Chances are you’ve already encountered a deep neural network. In 2016, Google Translate transitioned from its old, phrase-based statistical machine translation algorithm to a deep neural network. The result was that its output improved dramatically from churning out often comical non-sequiturs to producing sentences that are closely indistinguishable from a professional human translator.
So does this mean that the received wisdom around how yearlings are selected is outdated, subjective and flawed? Not exactly. “There are so many different ways of being a good horse; I don’t think [selecting horses] will ever completely lose its appeal as an art form,” says Rogers. “But when we get all this data together and we start to look at all these data points, it does push you towards a most predictable horse.” In other words, following the data will not lead you to a diamond in the rough; rather, it’s about playing the percentages. And that’s before all before the horse goes into training.
After that point, the data only gets you so far. “I would say [the use of biomechanical modeling] probably explains somewhere between 30 to 40 percent of outcome,” says Rogers. “It’s very hard to disentangle. The good racehorse trainer has got all the other things working with him: he’s got the good jockeys, the good vet, the good work riders. He’s got all of those things, and their effect on racetrack outcomes is very hard to model and very hard to disaggregate from what we do.”
Nevertheless, it does not look like big data is going away any time soon. “It might be a couple of years away,” says Rogers. “As bloodstock gets more and more expensive and as the cost of raising a horse gets more and more expensive, the use of science is going to rise.” He believes there’s already an analytics arms race happening behind the scenes.
“For me, it isn’t a case of if it’s valuable; it’s a case of when it will be recognised as being valuable.” That’s Wilson again. “What you see in every sport is a big drive towards using statistical analysis and machine learning to qualify and understand performance. Every other sporting sector tells us that these methods will be adopted, and the ones that adopt them first will gain a performance edge over the rest of the field.”
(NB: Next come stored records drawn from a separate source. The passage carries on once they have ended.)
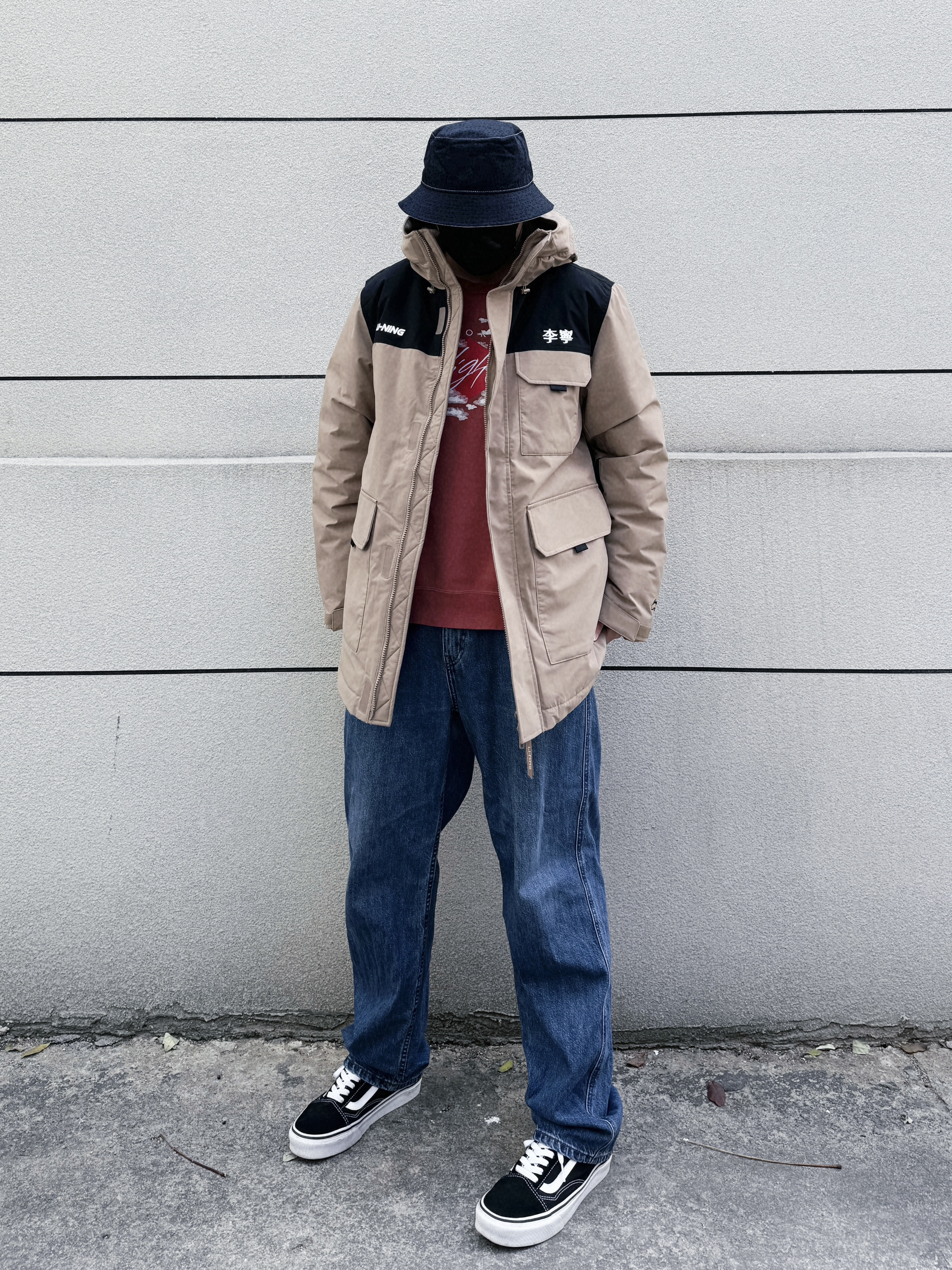 这种重磅面料的防风性还不错呢 穿上比较厚实 里面的含绒量也挺高的
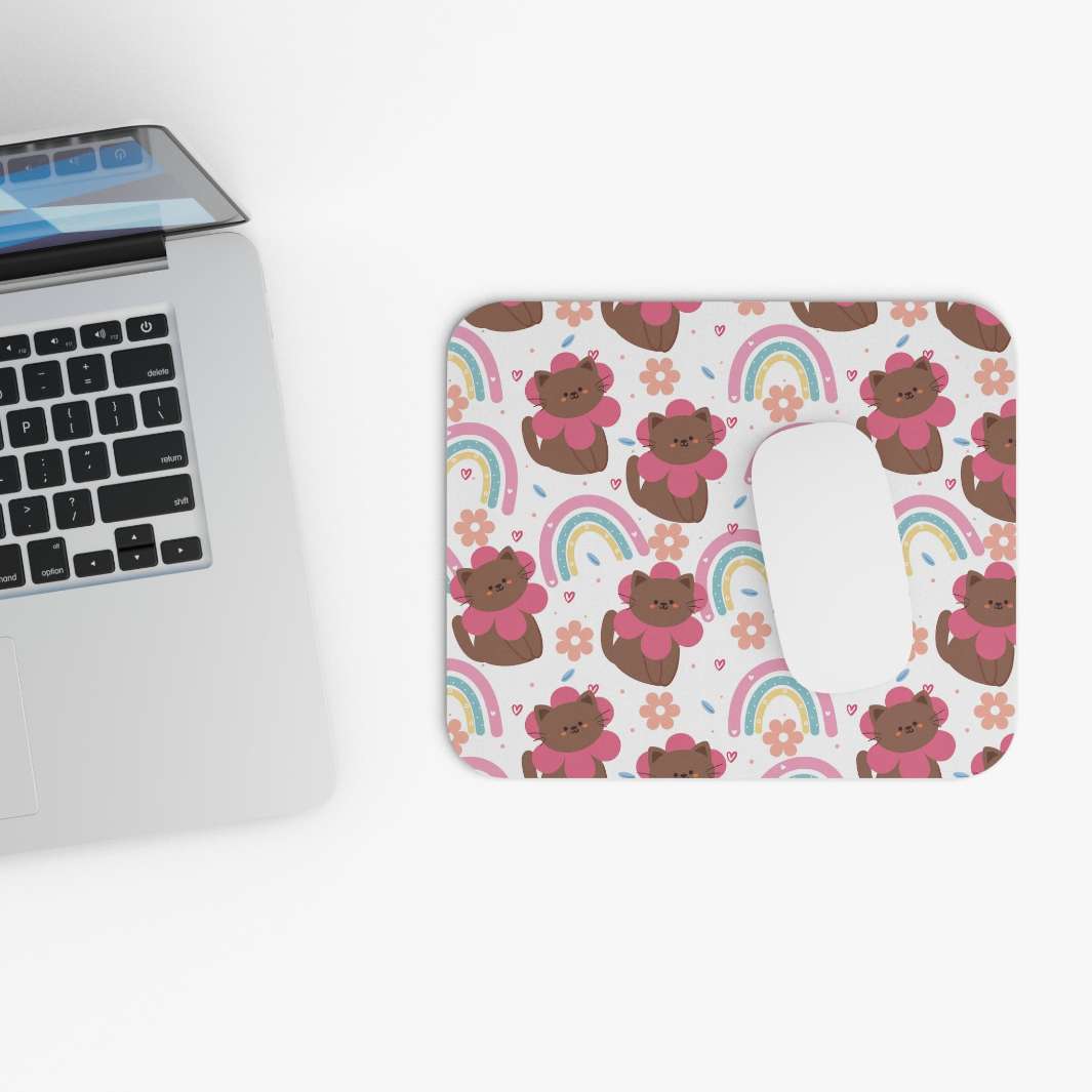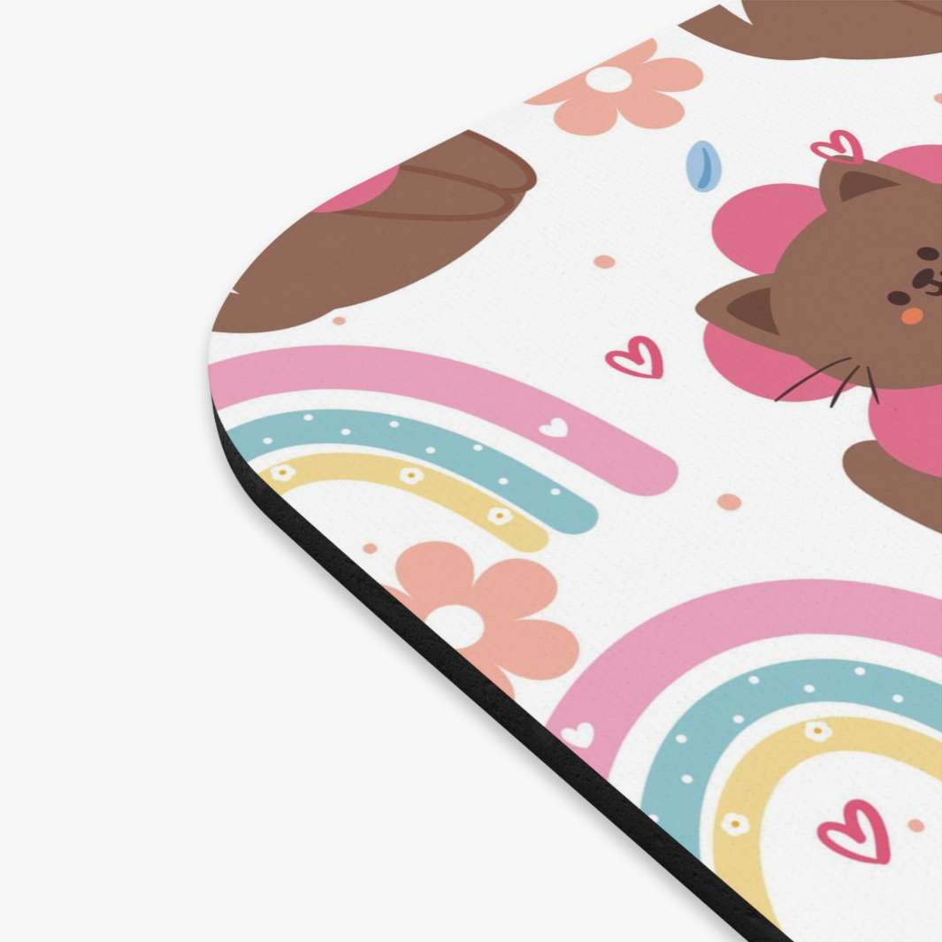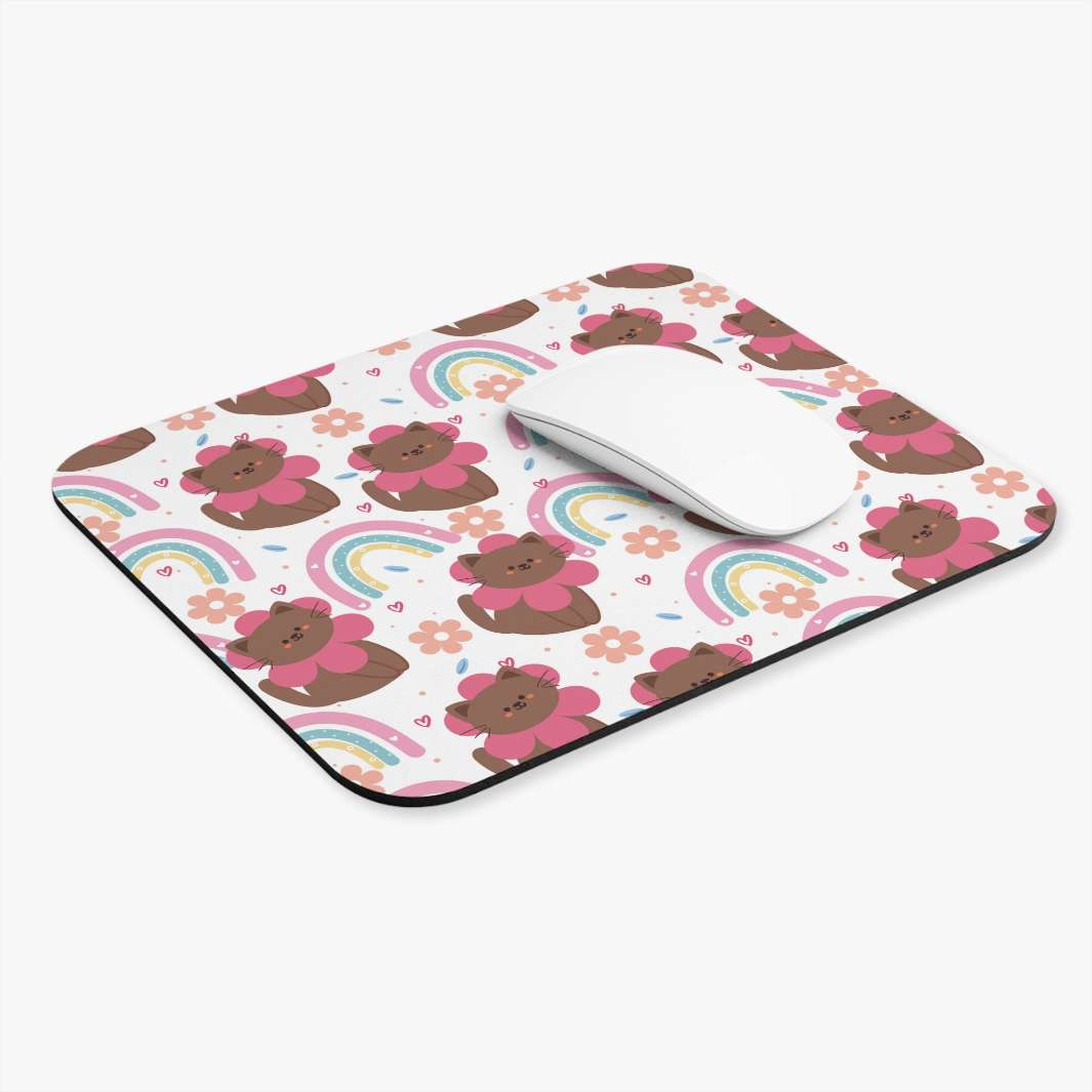 Add a whimsical touch to your workspace with the Flower Cat Mouse Pad! Designed with an enchanting cartoon cat set upon a white background, this mouse pad features vibrantly colored flower petals encircling its neck, along with bright rainbows, hearts, and flowers. This design is sure to bring a smile to anyone’s face and inject a sense of lightheartedness into any desk setup!
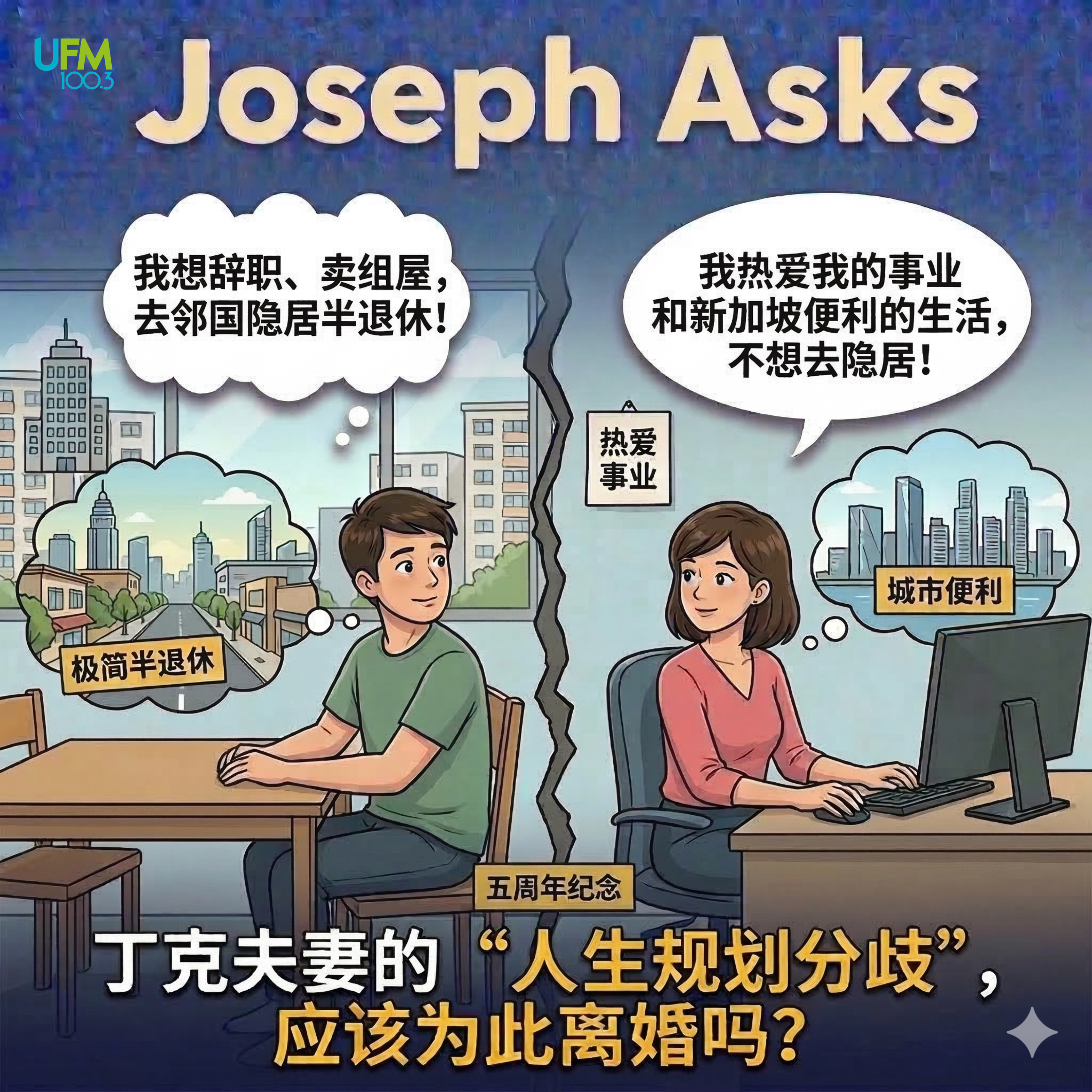 【本集探讨亮点 / The Core】 寻找“中间值”的缓冲方案:人生不是非黑即白,没必要立刻卖房移民或离婚。节目中提出了多种折中方案:例如先在当地租房试住一两年、把它当成周末放松的度假屋,或者两人尝试短暂的“双城生活”——老公在异国休养,老婆继续留在新加坡工作。 是真想“隐居”,还是职场倦怠的“求救信号”?:有听众敏锐指出,老公可能并非真的向往田园生活,而是被高压工作压得喘不过气,发出了心理状态上的“求救信号”。他真正需要的可能只是一个情绪出口、一个长假或是转换职业跑道重新寻找人生目标,这甚至在新加坡本地就可以完成调整。 都市生活 vs 田园牧歌,没有高下之分:有些人向往宁静的乡村,有些人…

Comparisons to Deep Blue’s defeat of Garry Kasparov might be premature, but it is clear that the racing industry is fast approaching a tipping point. “I don’t think the machine on its own beats the human judge,” says Wilson. “But I think where you get the real benefit is when you use the information you've been given by machine learning and you combine that with deep human expertise. That’s where the application of these types of things are the most successful in any sport. It’s the combination of human and machine that is power. Humans and machines don’t have to compete with each other.”
So will more trainers be adopting the technology? “There’s lots of different data points that you can use to predict a horse’s potential, and it’s understanding all of the pieces together,” says Kübler. “I’d want a bit more proof of concept. Show me that your system is going to save me loads of time and add loads of value. We’ll see in three or four years’ time how good it was.”
In the meantime, all eyes will be on Lot 379.